Monday, February 25, 2013

Exposing IQueryable from a Repository

During my hiatus of 2-1/2 years from this blog, I have gone from independent consulting through being employed by a large company to now working for small company. Along the way, I have picked up C#, .NET and other interesting artifacts of the computing world. For that reason, I am expanding my blog to cover not just Java, but any computing topics that sparks my interest at that moment.

Recently, I was asked for my opinion on this C#/LINQ subject: Are there is any downside to returning IQueryable from a Get in a Repository pattern? That question forced me to put my thoughts on the subject in order, which I am setting down here.

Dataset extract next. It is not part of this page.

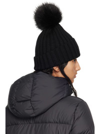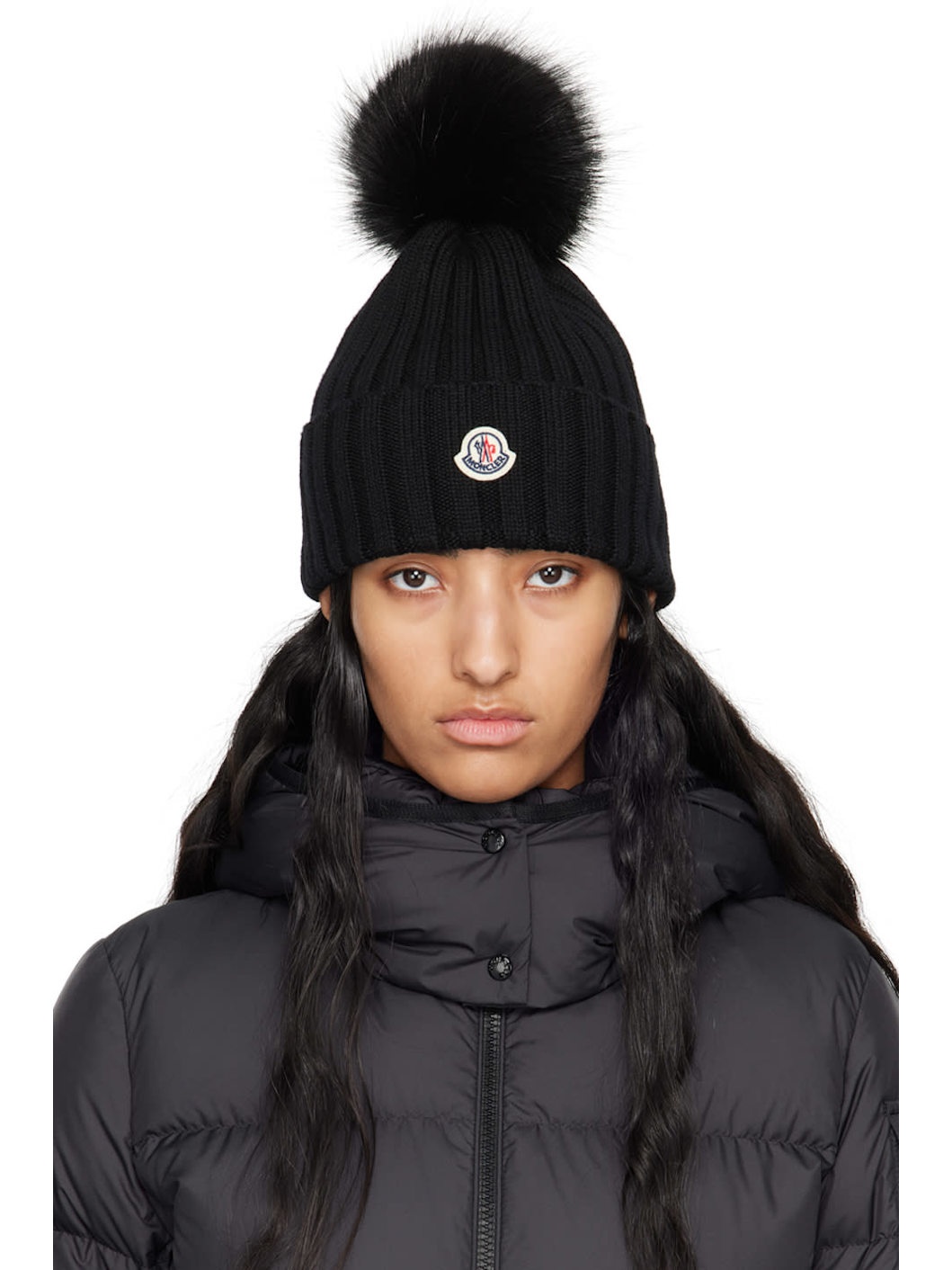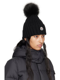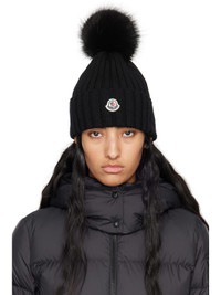 5-gauge rib knit virgin wool beanie in black. · Faux-fur pom-pom at crown · Felted logo patch at rolled brim Supplier color: Black Body: 100% virgin wool. Trim: 59% modacrylic, 31% acrylic, 10% polyester. Made in Bulgaria 242111F014029

Now, I know that purists hate it because it violates the “Separation of Concerns” principle. And there are good (and practical) reasons to be wary:
  • Since IQueryable is an expression container, the programmer may potentially construct an ill-advised query (e.g., adding a filter on an un-indexed field or pulling in a large table in its entirety.)
  • It may make it harder to unit test since IQueryable has a trail leading all the way to the database. This may be alleviated by mocking the data source, but may not produce the same results.
On the other hand, there is also a huge upside, if you need it:
  • Paging. Because you are deferring execution to the database, you can let the database pull in only the exact number of records you need at the point where you need it – in the Controller. Much more efficient than pulling it all into memory and then paging in code. I’d argue that this, in fact, promotes the SoC principle by keeping paging in View-Controller where it properly belongs, instead of passing it along through the business layer into the repository for handling. (One way around this is to encapsulate IQueryable. I am not particularly keen on this but I can't quite put my finger on why.)
Looking on the web, it looks like I may be late to the game as this topic has been argued many times with people's opinions falling on both sides.